Exercise description:
Print the entries below exactly as they appear, from the first line up to and including the line with "滑らかな曲線を描いたアームや". Do not print any pictures.

===== Stored data

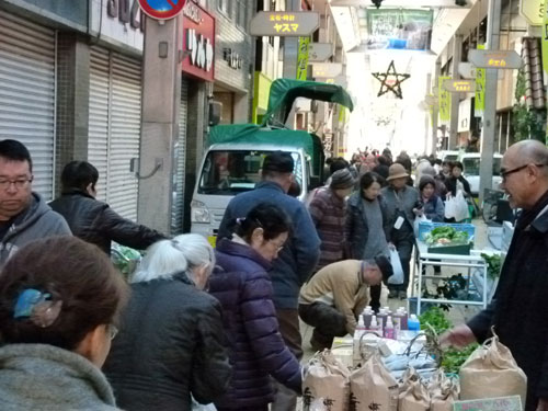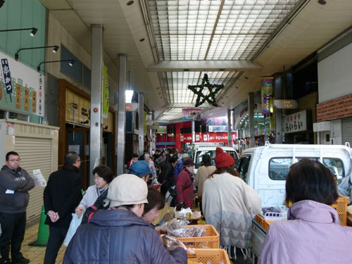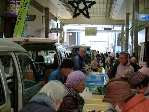 毎年12月開催の軽トラ新鮮組!は、大勢のお客さまと沢山の軽トラで大賑わいとなります。今回も今年最多の総勢20台の軽トラが、商店街の端のほうまで並びました。
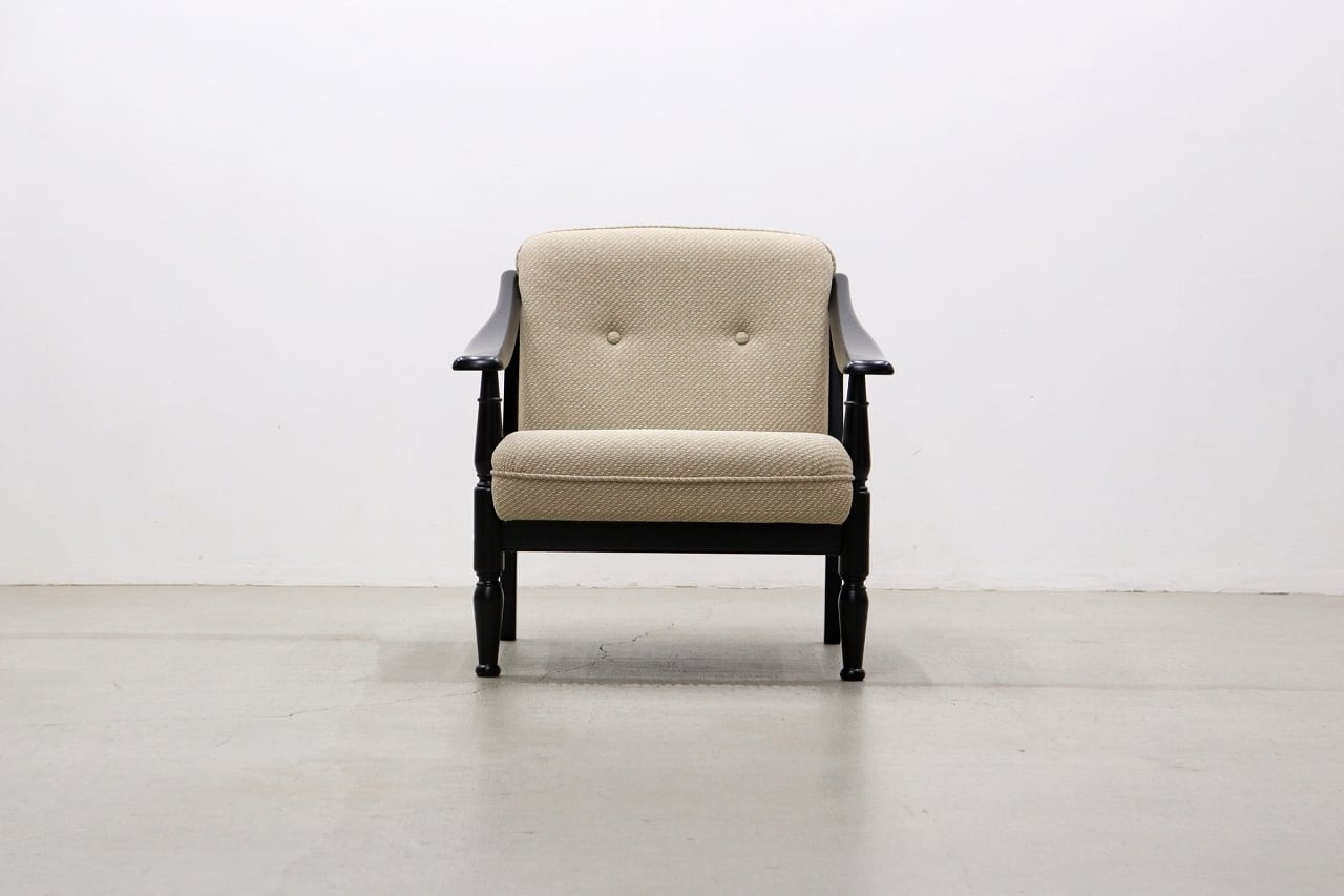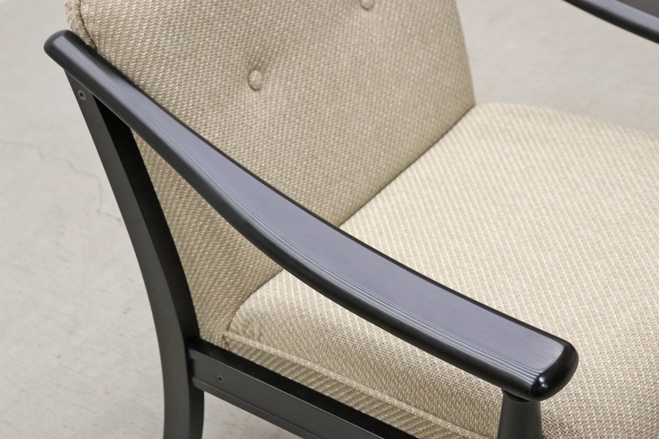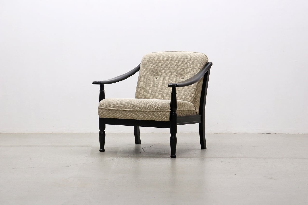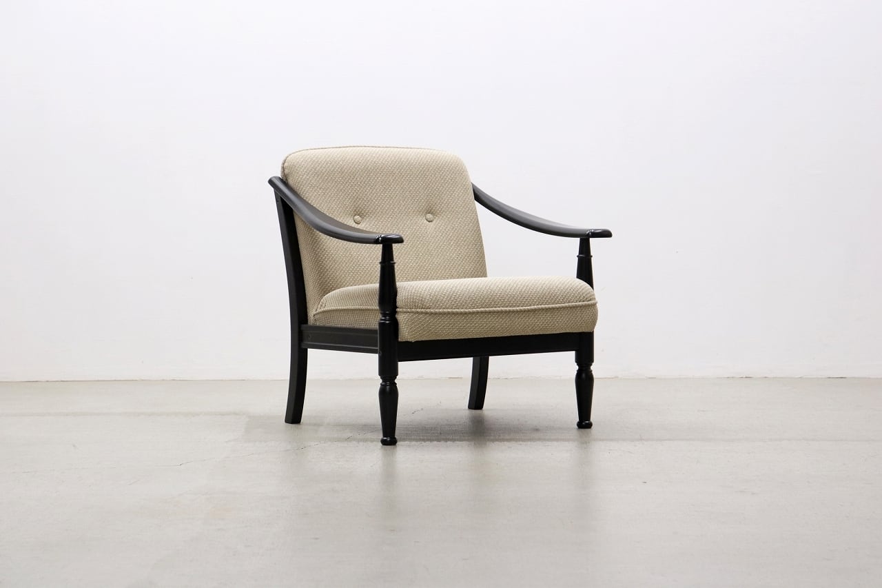 滑らかな曲線を描いたアームや挽き物の脚等、シンプルながらもクラシカルなデザインは
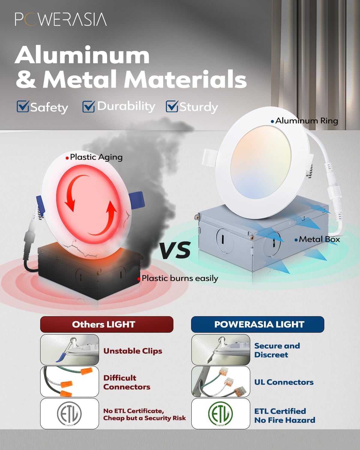 - š”ćHigh Brightnessć POWERASIA 90+CRI technology brings true color rendering to your house. The 4-inch slim lights use the new generation of LED chips with higher lumens and lower power. 850LM 9 Watts, which equals to 110W incandescent lamp, saving you up to 88% in energy costs.
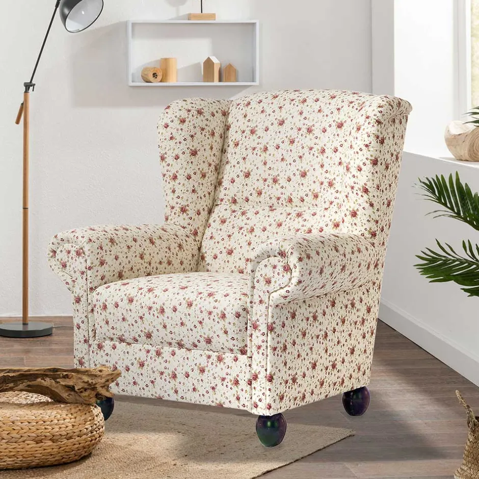 - Komfortabler Sessel in Beige, Bunt und Nussbaumfarben
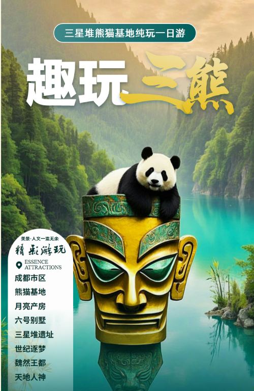 三星堆成都大熊猫繁育基地纯玩一日游【[包含午餐]多套餐可选,AB套餐含午餐,BCDE含人工讲解。】
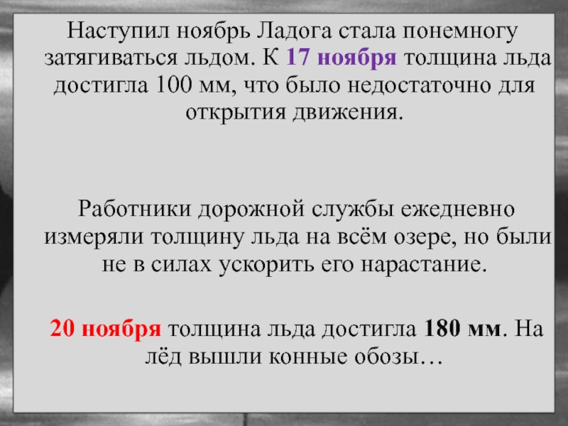 Слайд 9 Наступил ноябрь Ладога стала понемногу затягиваться льдом. К

==========

Result for this task:
 毎年12月開催の軽トラ新鮮組!は、大勢のお客さまと沢山の軽トラで大賑わいとなります。今回も今年最多の総勢20台の軽トラが、商店街の端のほうまで並びました。
 滑らかな曲線を描いたアームや挽き物の脚等、シンプルながらもクラシカルなデザインは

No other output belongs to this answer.